PROBLEM =
Return the full listing unchanged, apart from leaving out its images.

EXTRACTED MATERIAL =
◆ ◆ ◆
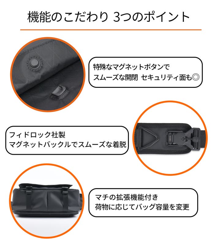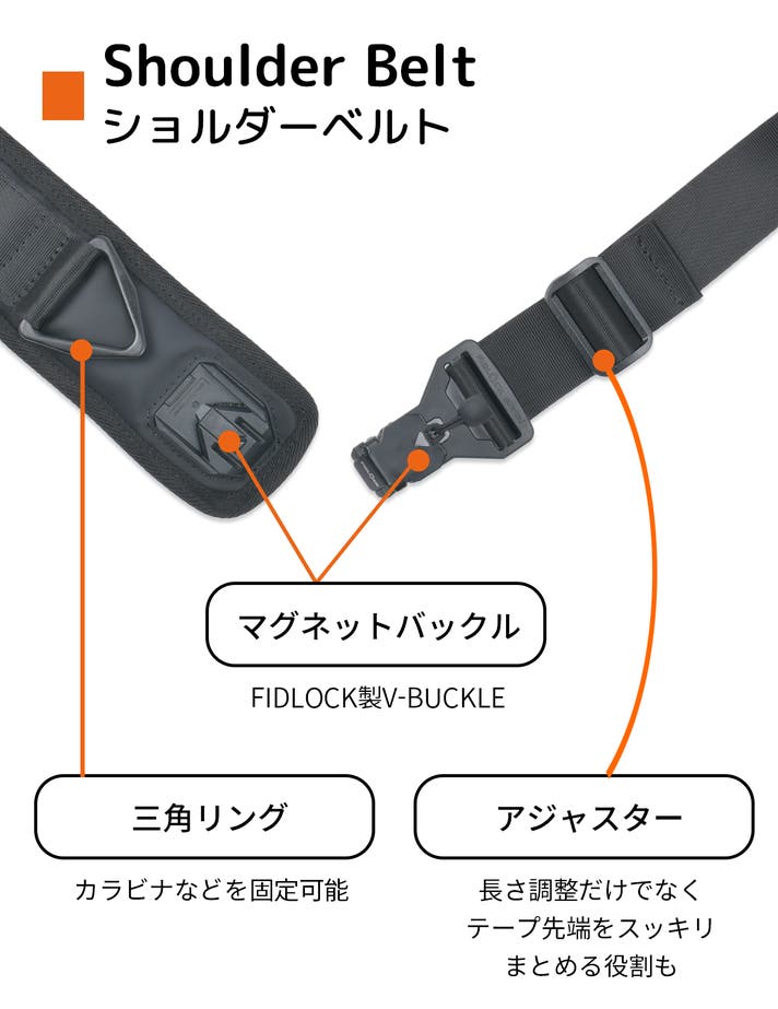 ショルダーベルトには、ドイツのパーツブランド【FIDLOCK】のマグネットバックルを使用しています。
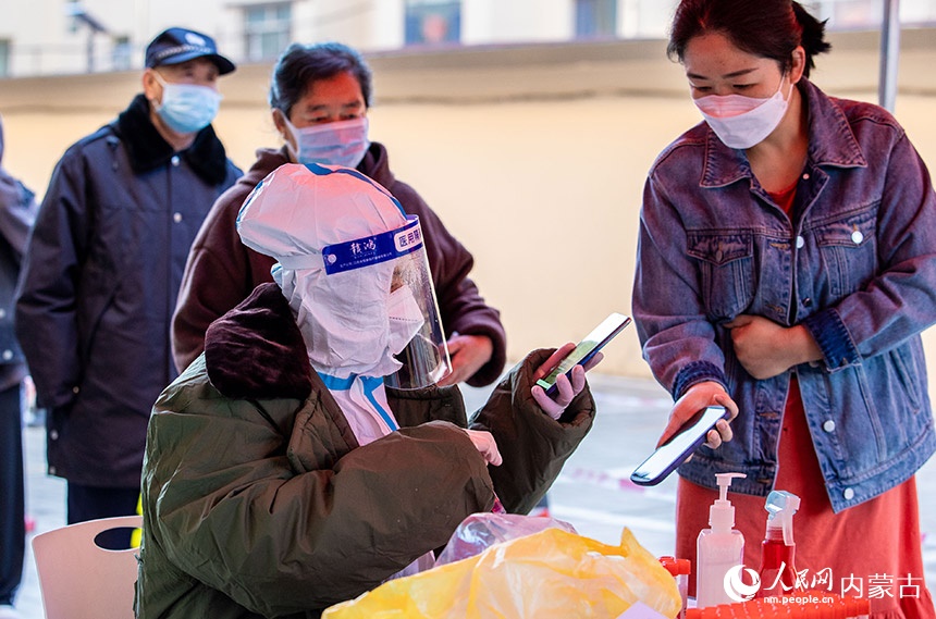 呼和浩特市玉泉區(qū)一處住宅小區(qū),社區(qū)網(wǎng)格員在查驗準備去核酸檢測點居民的健康碼。丁根厚攝
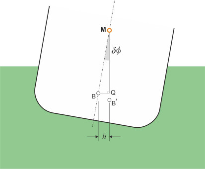 \[\begin{equation} h \quad = \quad \frac{\text{Wedge restoring couple}}{\text{Buoyancy force}}\quad = \quad \frac{ \rho g I_{\text{area}} \delta \phi }{ \rho g \nabla }\quad = \quad \frac{I_{\text{area}}}{\nabla }\delta \phi \end{equation}\]and since in the triangle MBQ the base \(h\) is asymptotically equal to \(\overline{\text{MB}} \times \delta \phi\), there follows a simple and elegant result:
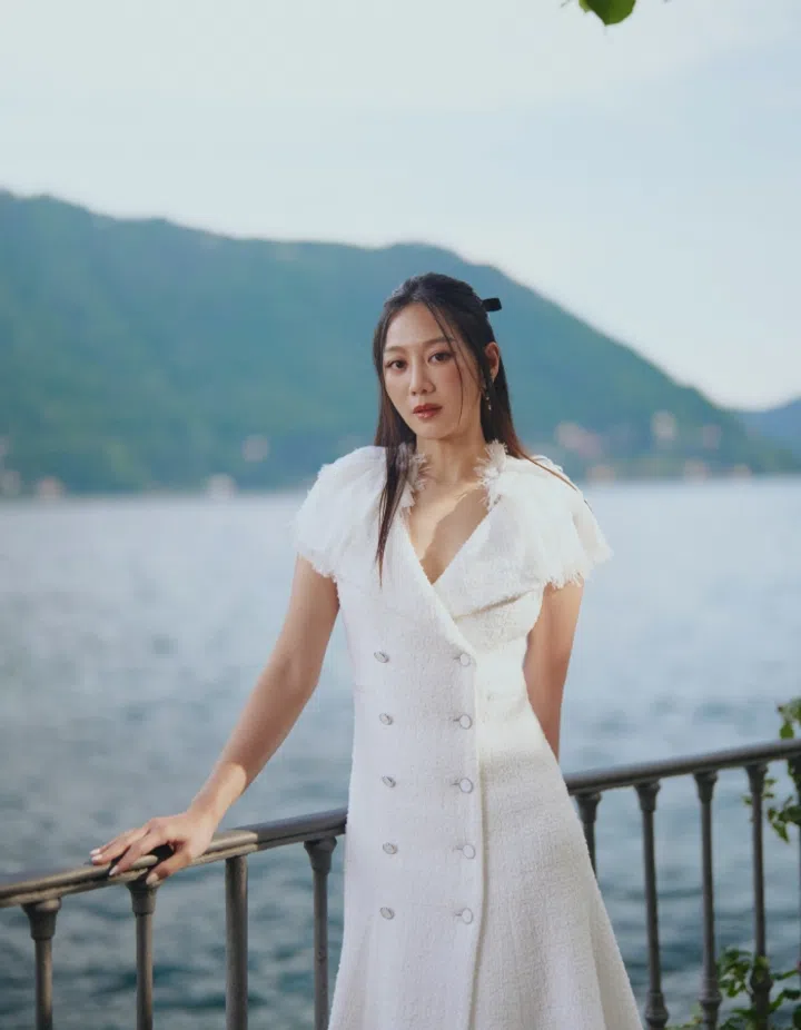 Set against the opulent backdrop of Villa d’Este, the 31-year-old radiated effortless sophistication in a knee-grazing tweed number, complete with signature button details that paid homage to Chanel’s timeless codes. Her raven hair was swept into a half-up, half-down style, secured with a dainty black bow, an understated touch that drew the eye to her luminous, rosy-toned makeup.
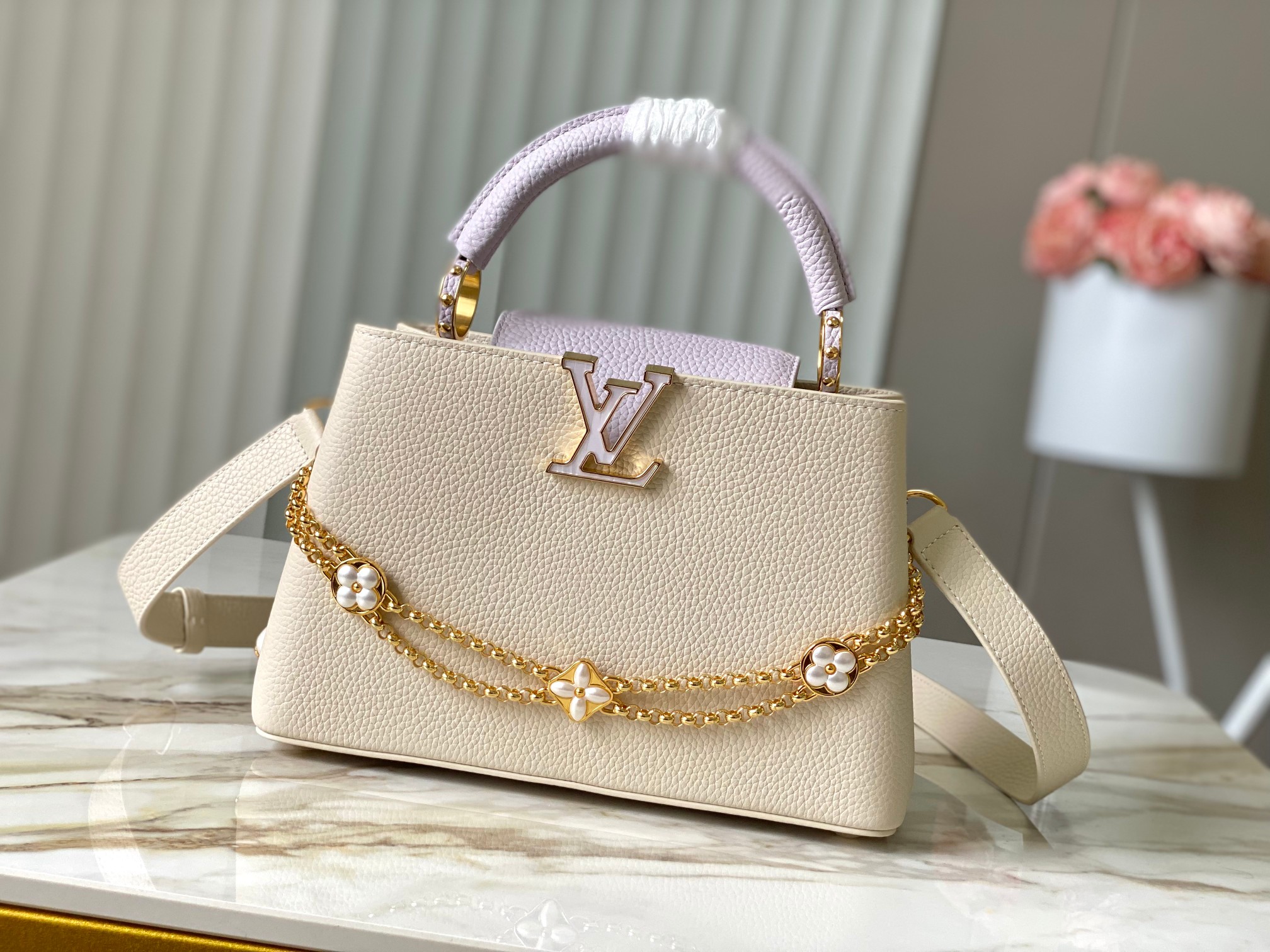 這款 LV 高仿奶油白金鏈花飾手提包(中號版),以細膩荔枝紋小牛皮打造,質感柔軟而堅挺,觸感細緻。包身挺括大方,搭配金屬 LV Logo 與珍珠花飾鏈條,細節設計精緻優雅。中號尺寸更實用,能輕鬆收納長夾、化妝品、手機等日常用品,無論工作或聚會都能兼顧時尚與實用。肩背、斜挎或手提皆宜,深受用家好評,堪稱百搭精品仿製之選。
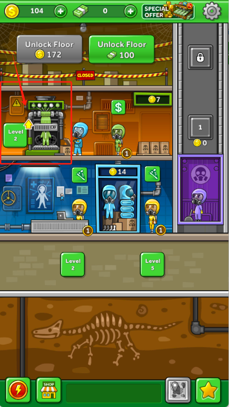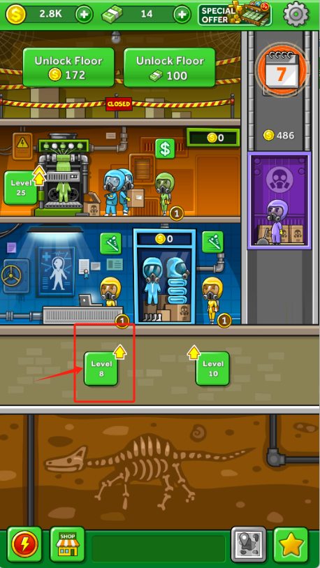 1、点红框里的Unlock Floor花172金币解锁新楼层,钱不够就先去赚钱。
◆ ◆ ◆
EXERCISE SOLUTION =
 ショルダーベルトには、ドイツのパーツブランド【FIDLOCK】のマグネットバックルを使用しています。
 呼和浩特市玉泉區(qū)一處住宅小區(qū),社區(qū)網(wǎng)格員在查驗準備去核酸檢測點居民的健康碼。丁根厚攝
 \[\begin{equation} h \quad = \quad \frac{\text{Wedge restoring couple}}{\text{Buoyancy force}}\quad = \quad \frac{ \rho g I_{\text{area}} \delta \phi }{ \rho g \nabla }\quad = \quad \frac{I_{\text{area}}}{\nabla }\delta \phi \end{equation}\]and since in the triangle MBQ the base \(h\) is asymptotically equal to \(\overline{\text{MB}} \times \delta \phi\), there follows a simple and elegant result:
 Set against the opulent backdrop of Villa d’Este, the 31-year-old radiated effortless sophistication in a knee-grazing tweed number, complete with signature button details that paid homage to Chanel’s timeless codes. Her raven hair was swept into a half-up, half-down style, secured with a dainty black bow, an understated touch that drew the eye to her luminous, rosy-toned makeup.
 這款 LV 高仿奶油白金鏈花飾手提包(中號版),以細膩荔枝紋小牛皮打造,質感柔軟而堅挺,觸感細緻。包身挺括大方,搭配金屬 LV Logo 與珍珠花飾鏈條,細節設計精緻優雅。中號尺寸更實用,能輕鬆收納長夾、化妝品、手機等日常用品,無論工作或聚會都能兼顧時尚與實用。肩背、斜挎或手提皆宜,深受用家好評,堪稱百搭精品仿製之選。
 1、点红框里的Unlock Floor花172金币解锁新楼层,钱不够就先去赚钱。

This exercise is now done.